- [Work item]: Find the line that contains "It's a fragrant, layered". Copy it and every line after it to the end of the material below, exactly, with no pictures.

___ Extracted entries

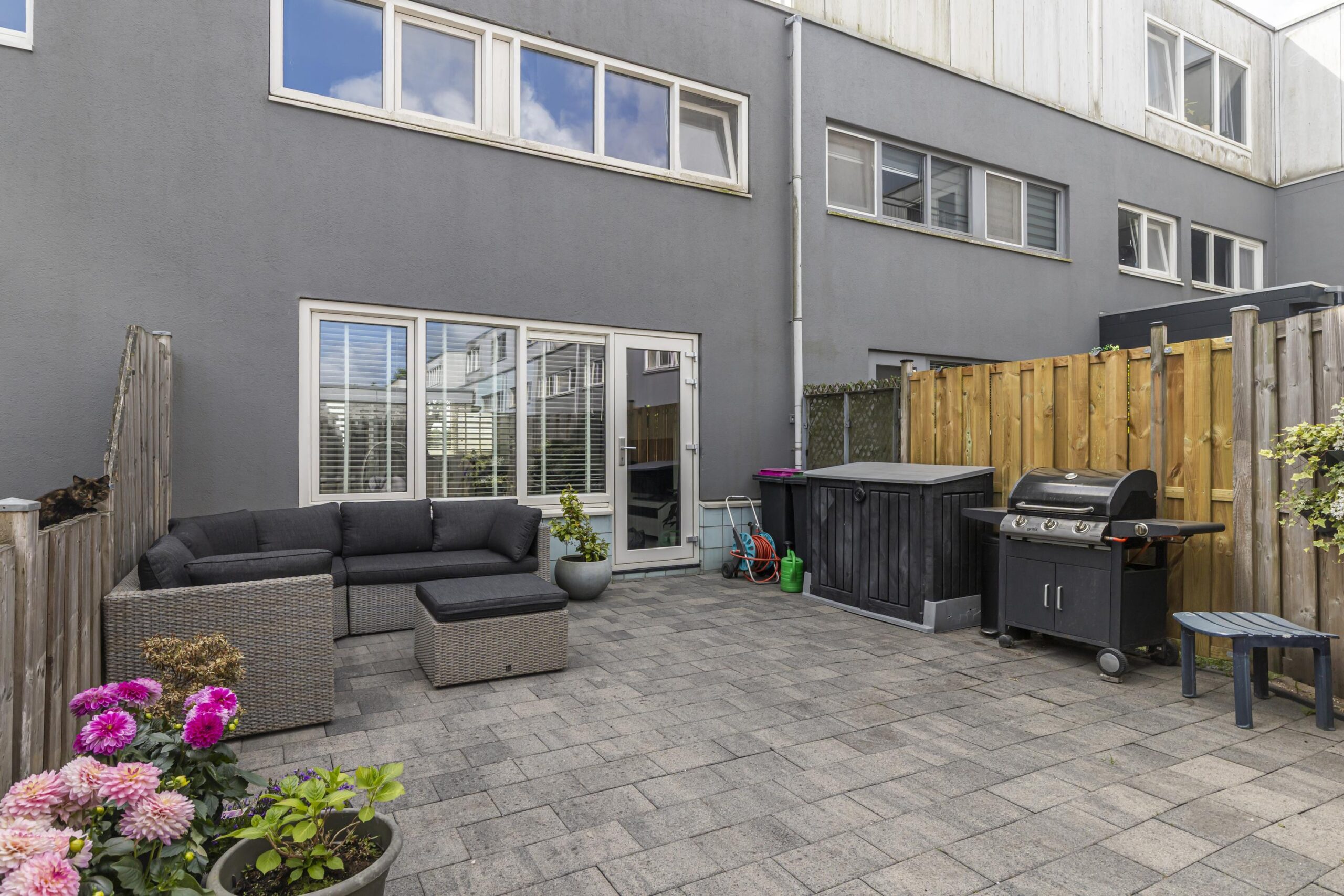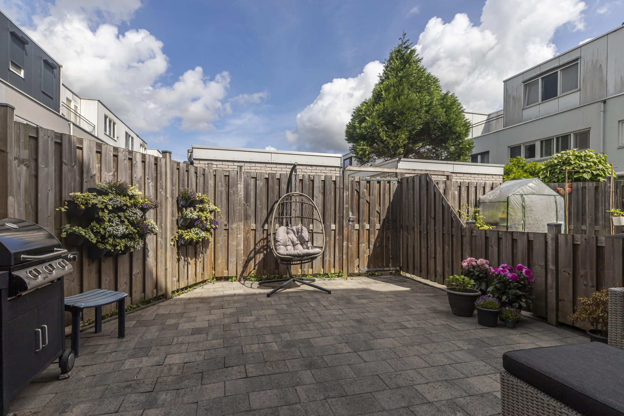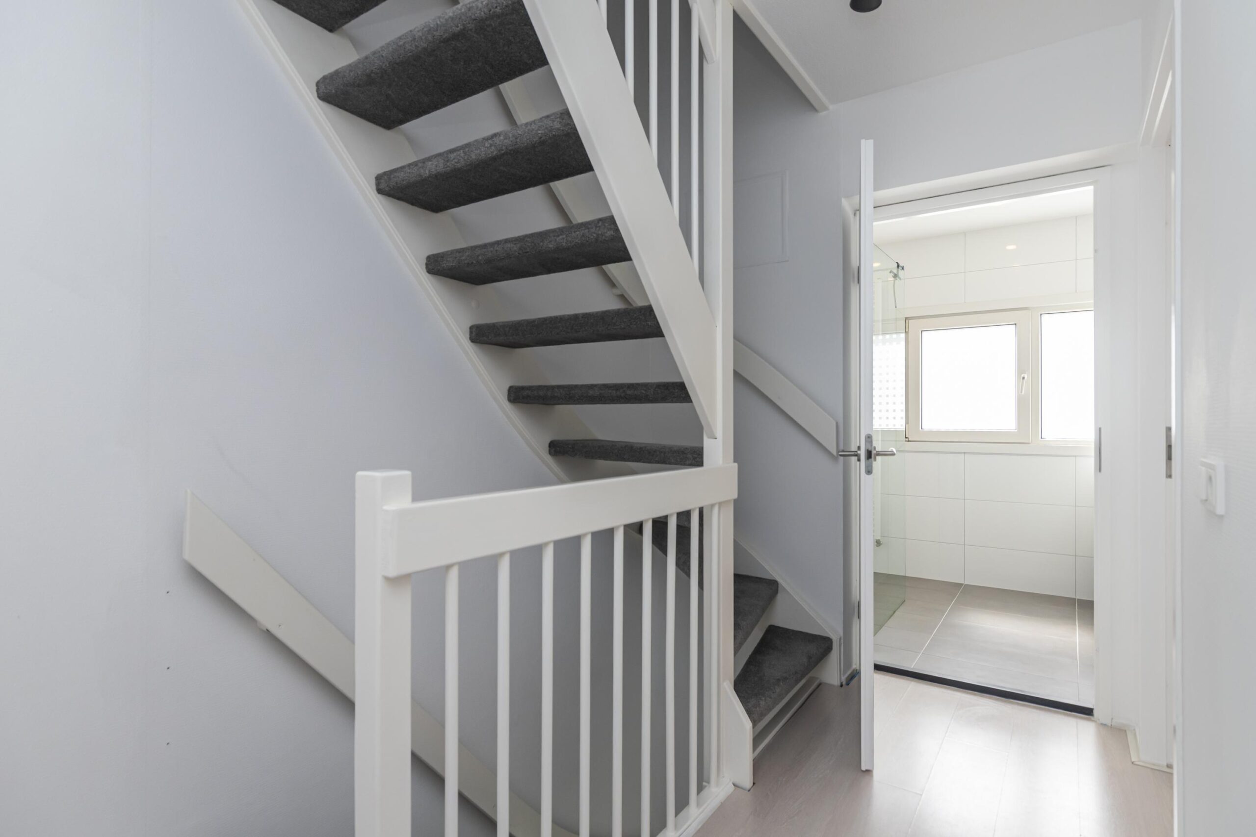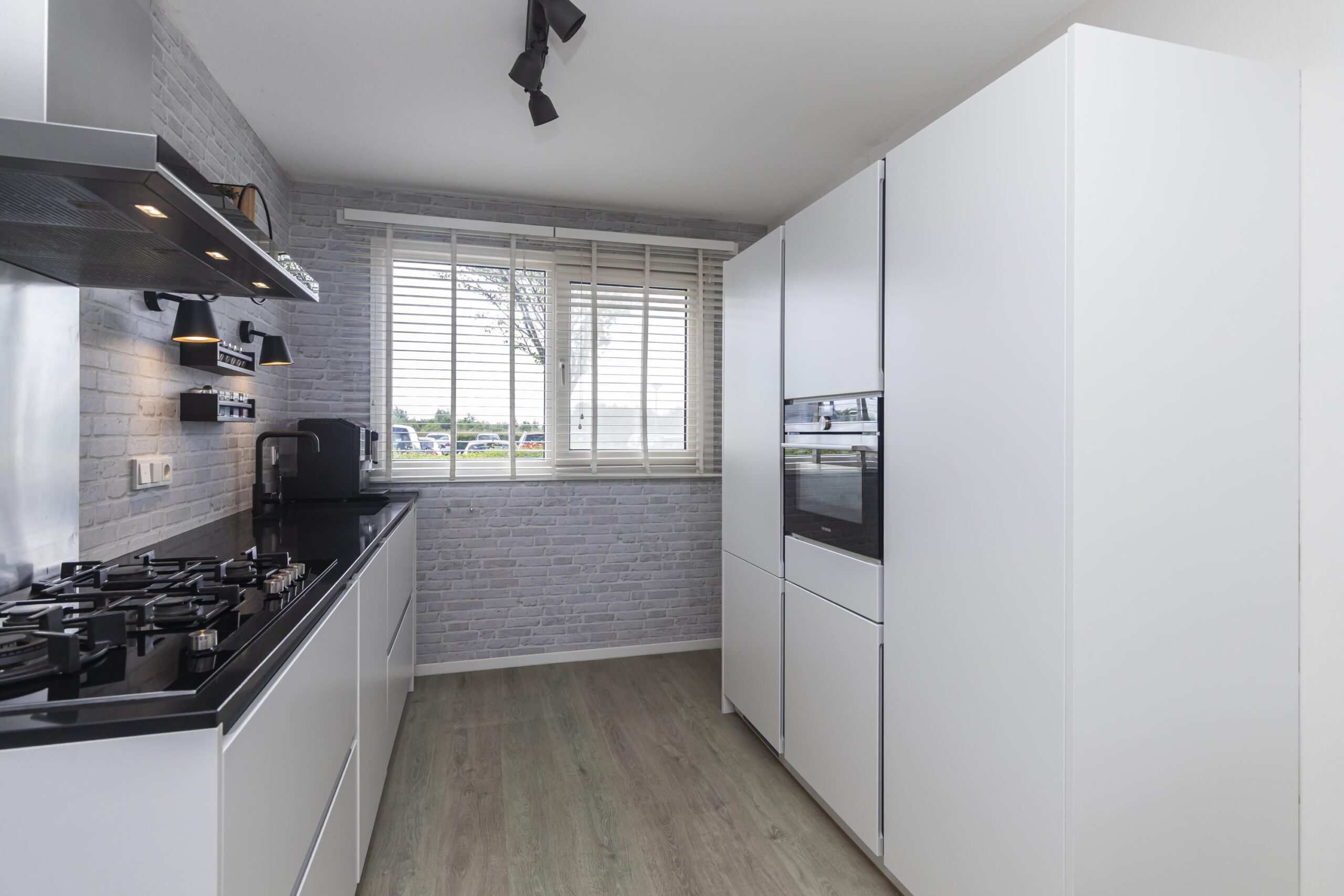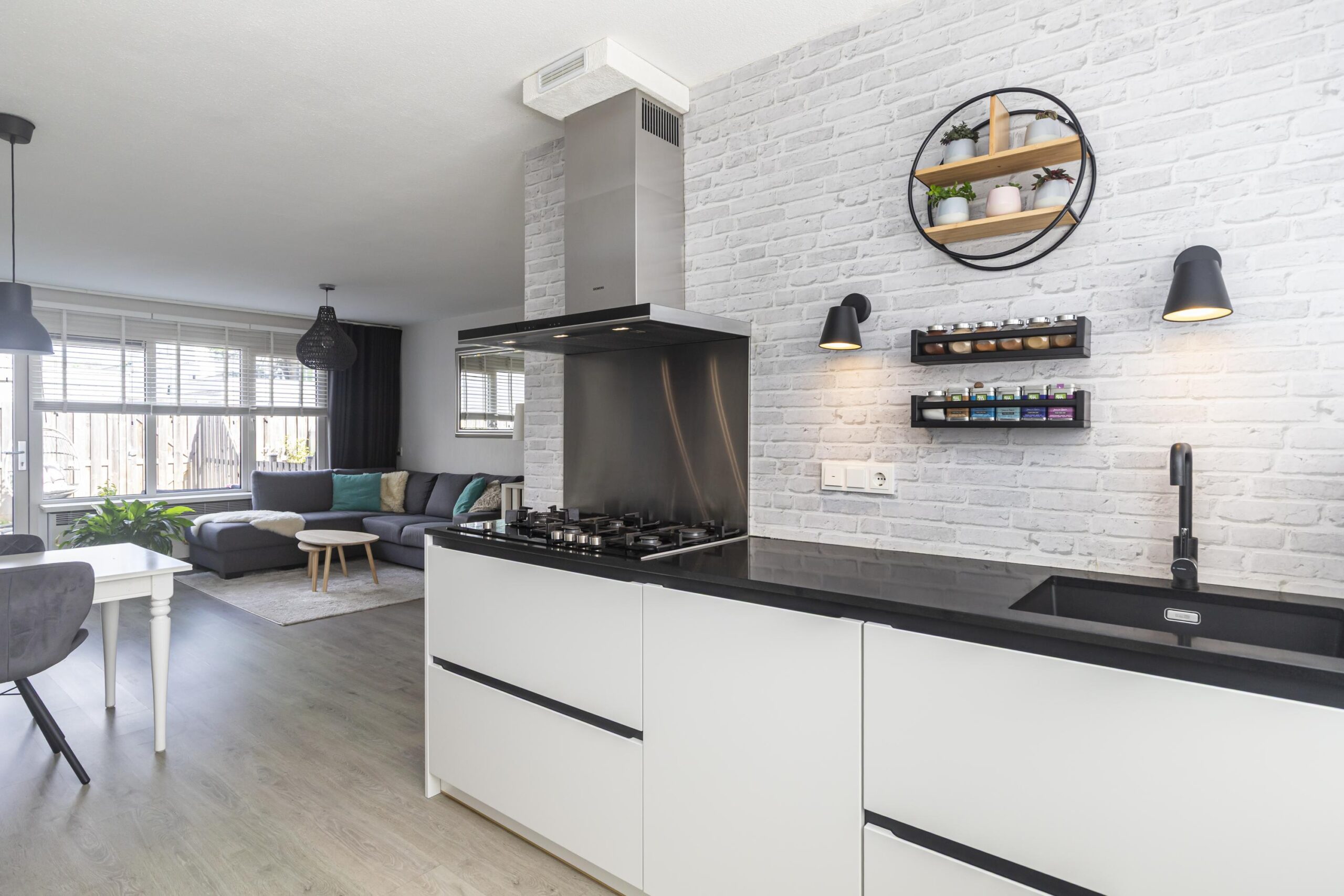 In de hal bevinden zich een zwevend toilet met fonteintje, meterkast en trap naar de eerste verdieping. De lichte en ruime woonkamer beschikt over een gemoderniseerde open keuken, uitgerust met luxe inbouwapparatuur, veel opbergruimte en een 5-pits gasfornuis. Door grote ramen is de zithoek aan de tuinzijde voorzien van veel natuurlijk licht. Vanuit de woonkamer heb je toegang tot de noordwest gelegen achtertuin, een fijne plek om buiten te zitten of te tuinieren.
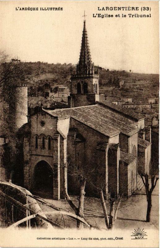 Version 1 : L'ARDECHE ILLUSTREE LARGENTIERE (33) L'Eglise et le Tribunal Colldetions artistiques « Lux ». — Lang fils aîné, phot-éait, Crest
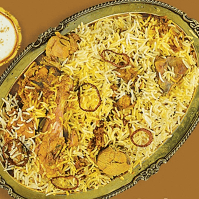 It's a fragrant, layered rice dish (biryani) made with marinated meat (chicken Tikka, Goat, Shrimp) vegetables, cooked with saffron-infused basmati rice, herbs, and spices
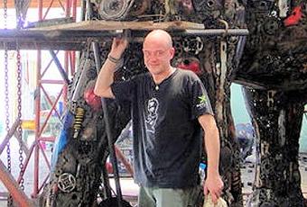 Aunque nació en Chicago (Estados Unidos), Tom Samui creció en Suiza y muy pronto descubrió su pasión por la escultura. Ahora, vive en Richmond (Virginia, Estados Unidos) y continúa desarrollando su hobby, que ha convertido en su profesión. Lo curioso de sus obras es que están hechas con piezas recicladas de coches y motocicletas, que limpia, pule y barniza para ensamblarlas y crear auténticas maravillas. Recrea personajes de ficción y reales, animales y como no, dinosaurios. Aquí dejamos una muestra de sus esculturas dinosaurianas:
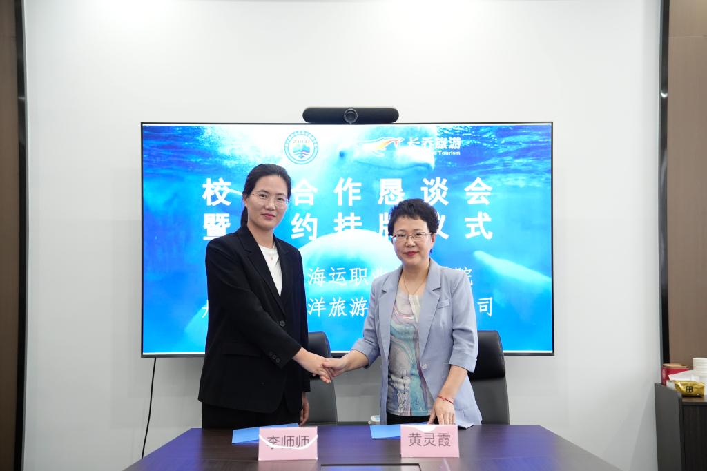 双方在和谐愉快的恳谈中开启校企合作新篇章。(海洋旅游学院)

______

- [Response for this exercise]:
 It's a fragrant, layered rice dish (biryani) made with marinated meat (chicken Tikka, Goat, Shrimp) vegetables, cooked with saffron-infused basmati rice, herbs, and spices
 Aunque nació en Chicago (Estados Unidos), Tom Samui creció en Suiza y muy pronto descubrió su pasión por la escultura. Ahora, vive en Richmond (Virginia, Estados Unidos) y continúa desarrollando su hobby, que ha convertido en su profesión. Lo curioso de sus obras es que están hechas con piezas recicladas de coches y motocicletas, que limpia, pule y barniza para ensamblarlas y crear auténticas maravillas. Recrea personajes de ficción y reales, animales y como no, dinosaurios. Aquí dejamos una muestra de sus esculturas dinosaurianas:
 双方在和谐愉快的恳谈中开启校企合作新篇章。(海洋旅游学院)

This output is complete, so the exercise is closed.